Quand je vois Perpignan à Biarritz, j’ai l’impression de retrouver le jeu des Catalans en début de saison alors que leur montée en puissance, depuis, était intéressante. Les Catalans refont de trop nombreuses fautes qui offrent des points à leur adversaire, les trois-quarts ont bien des intentions de jeu par mais celles-ci restent des intentions là où il y a quelques semaines, elles se transformaient en occasions d’essai. Pareil en pire pour Paris. Et que dire des attaques Toulousaines contre Cardiff. Il manquait le zeste d’automatisme et de prise de risque dans les transmissions qui fait la force des Toulousains.

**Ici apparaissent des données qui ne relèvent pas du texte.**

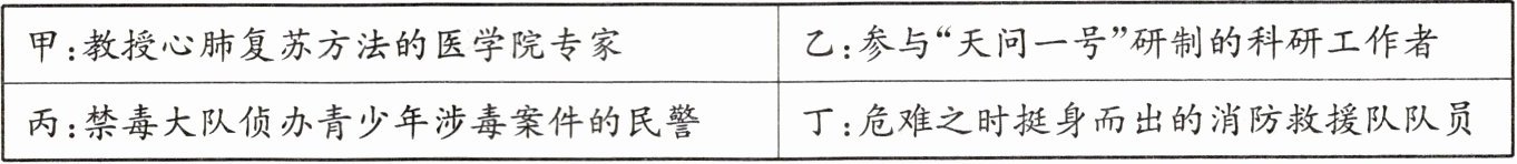 | 甲:教授心肺复苏方法的医学院专家 | 乙:参与“天问一号”研制的科研工作者 |
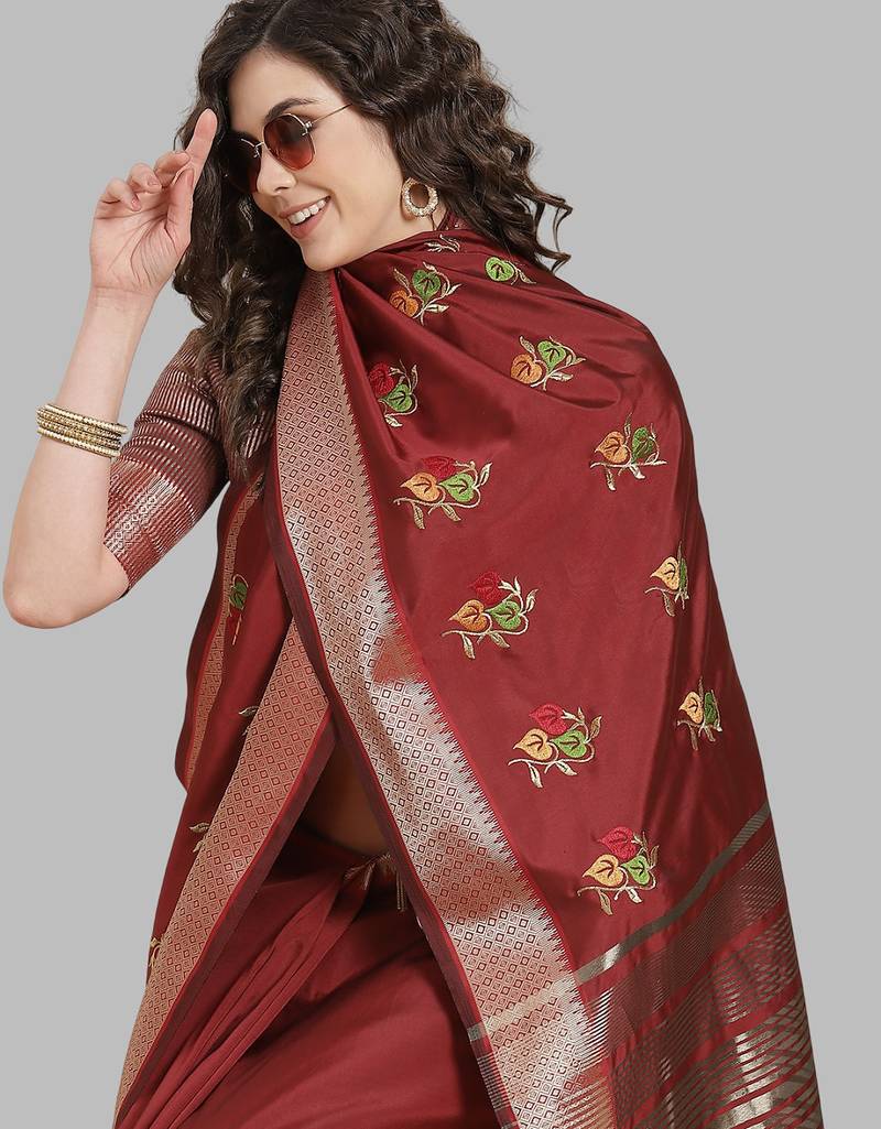 DarkMaroon soft cotton silk with colourful thread embroidery saree with blouse

Si ce quart de finale se rejouait dans 3 semaines, ce n’est certainement pas un score de 9 à 6 qui viendrait le conclure.

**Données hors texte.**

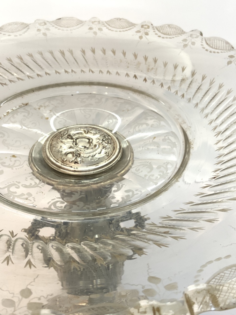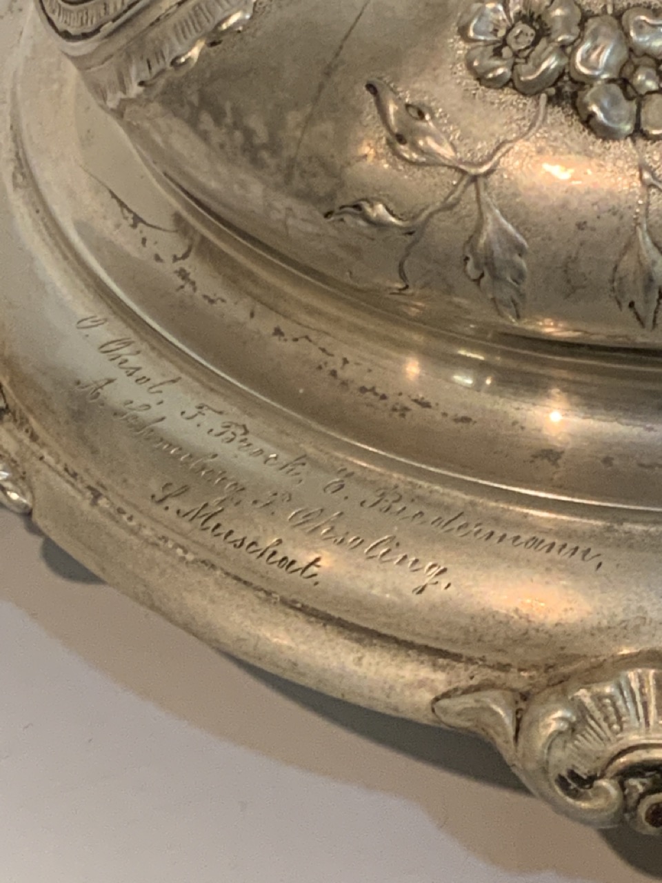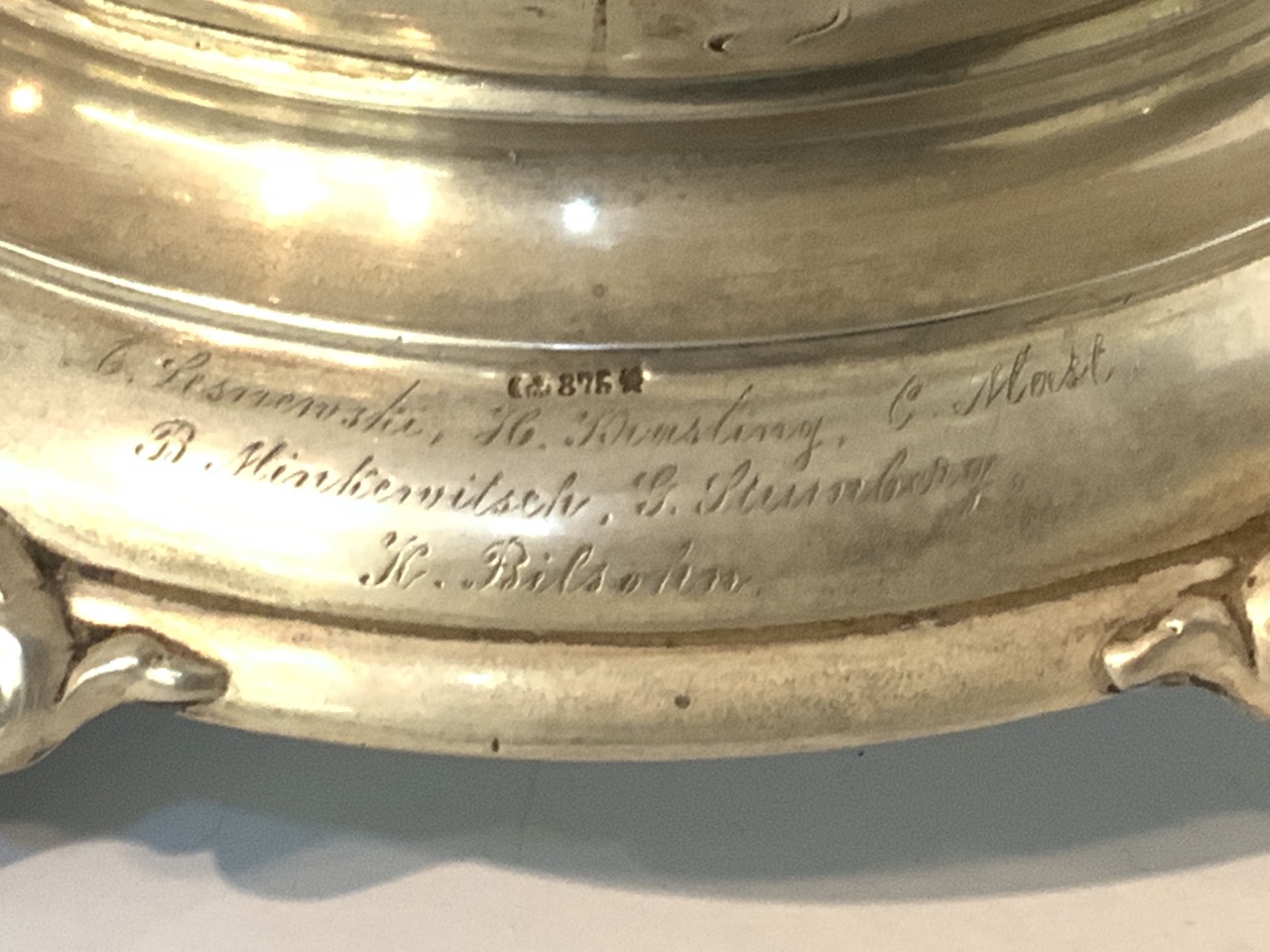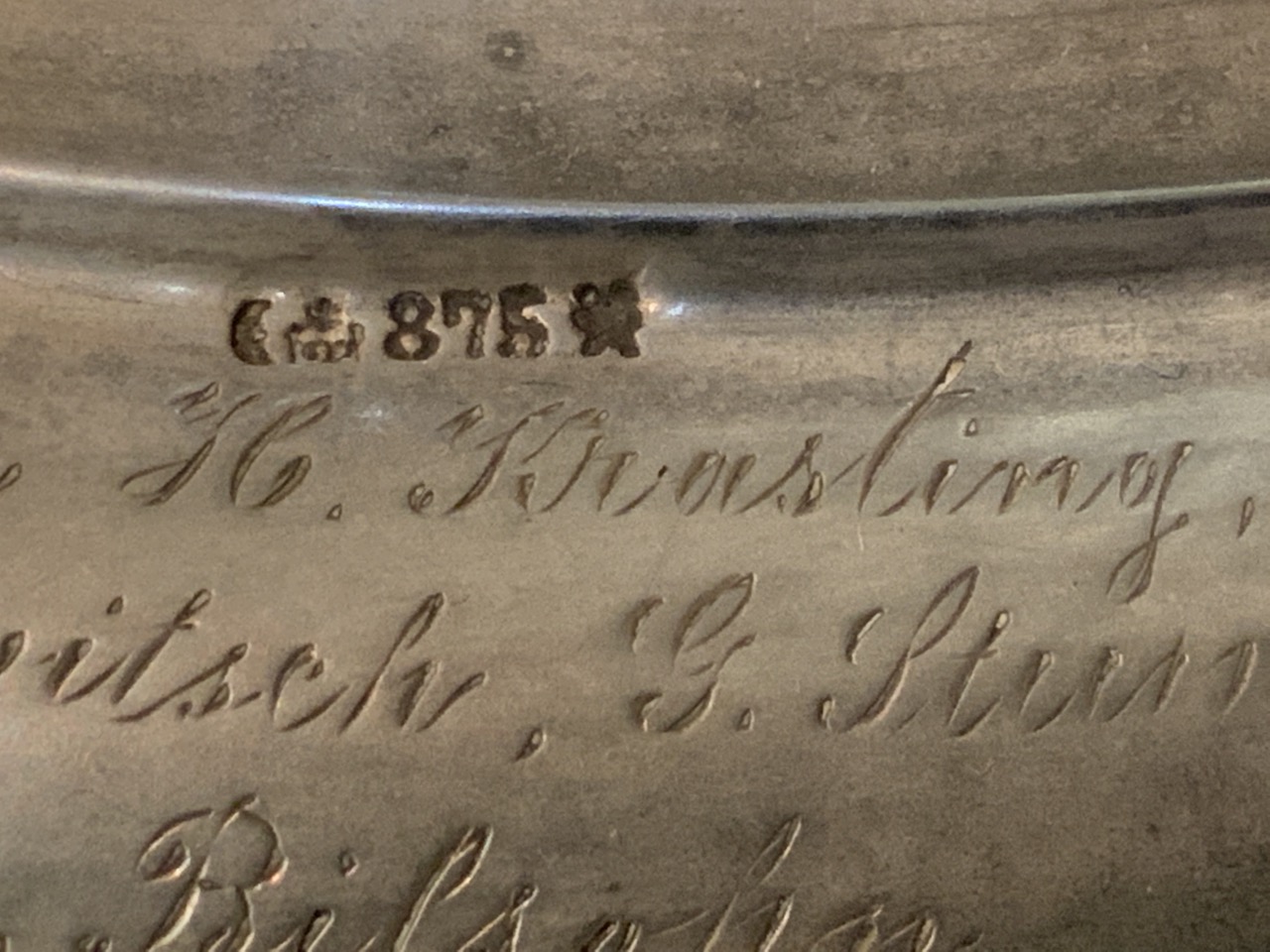 Prominent large serving compote. 875 silver German. Marked with half moon and crown mark. Early 20th century. Inscribed in German and dated 1901.

On a beau jeu de critiquer le Top14 et son niveau supposé insuffisant mais à y regarder de plus près, le Top14 version 2008-2009 est certainement le plus intéressant depuis la création de ce format. L’incertitude plane à tous les niveaux. Même Mont de Marsan, dernier au classement, n’est pas mathématiquement relégué alors qu’il ne reste que 3 journées. Pour la qualification en HCup, 4 équipes : Brive, Biarritz, Bayonne et Bourgoin sont en course pour 2 places. Et pour le titre, même si l’on connait les 4 qualifiés pour les demis, le niveau des équipes n’a jamais semblé aussi proche. Alors que demande le peuple ? Oh, juste un peu de respect pour cette compétition avec un calendrier digne de ce nom qui permette de la mettre en valeur !

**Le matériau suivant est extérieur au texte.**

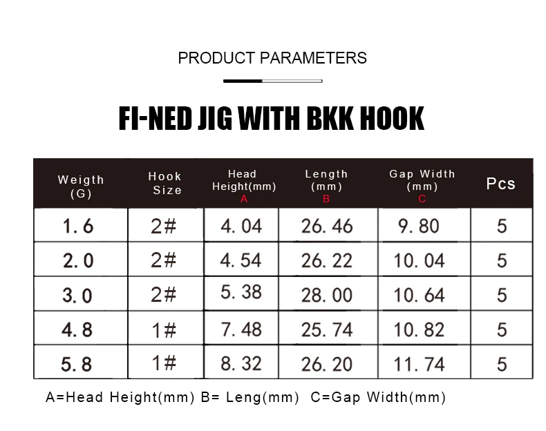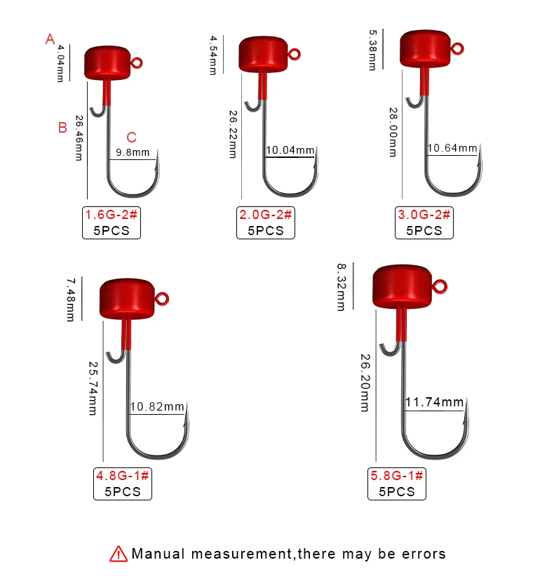 FTK 5 uds Ned anzuelo con cabeza de anzuelo 1,6g 2g 3g 4,8g 5,8g anzuelo de pesca Jigging lubina Lucio gusano suave aparejos de señuelo de pesca

Et si on supprimait le Tournoi des VI nations ?
Je vous entends déjà crier au fou ! Bien sûr que ce qui est la compétition la plus représentative du rugby en Europe et la principale source de financement des 6 nations Européennes ne risque pas de disparaître. Pourtant il faudra bien faire quelque chose, un jour, pour améliorer les calendriers et surtout restructurer, au niveau international, les compétitions entre Tournées qui ne veulent plus rien dire et Tournoi qui devient de plus en plus un anachronisme.
Et oui, il faut bien se rendre à la raison. Le Tournoi n’a rien d’une compétition dans le sens marketing de la chose. Quant vous jouez la finale de la compétition lors de la première journée, sans le savoir, que vous jouez chez certains adversaires et pas chez d’autres et que, en plus, les joueurs sont ballottés d’un match de club à un match international, il est difficile de parler d’optimisation. Je sais ce que vous allez dire : la tradition, le pittoresque de stades comme Edimbourg ou Dublin, le samedi soir à Cardiff,… tous ces trucs là qui font que, au début de l’année, le rugby est si populaire. Attention ! si le rugby est devenu populaire grâce au Tournoi c’est pour une unique raison : le fait de jouer en janvier alors qu’il n’y avait aucune concurrence de la part des autres sport et que, vu le temps humide et froid, une grande partie de l’Europe restait devant sa télévision. Mais, aujourd’hui, où le rugby a gagné une notoriété certaine auprès du grand public des pays, il n’est plus besoin de programmer une compétition là où les autres sports ne sont pas présents pour exister. Il suffit de proposer des compétitions comme Coupe du Monde, Coupe d’Europe qui parlent à tout le monde.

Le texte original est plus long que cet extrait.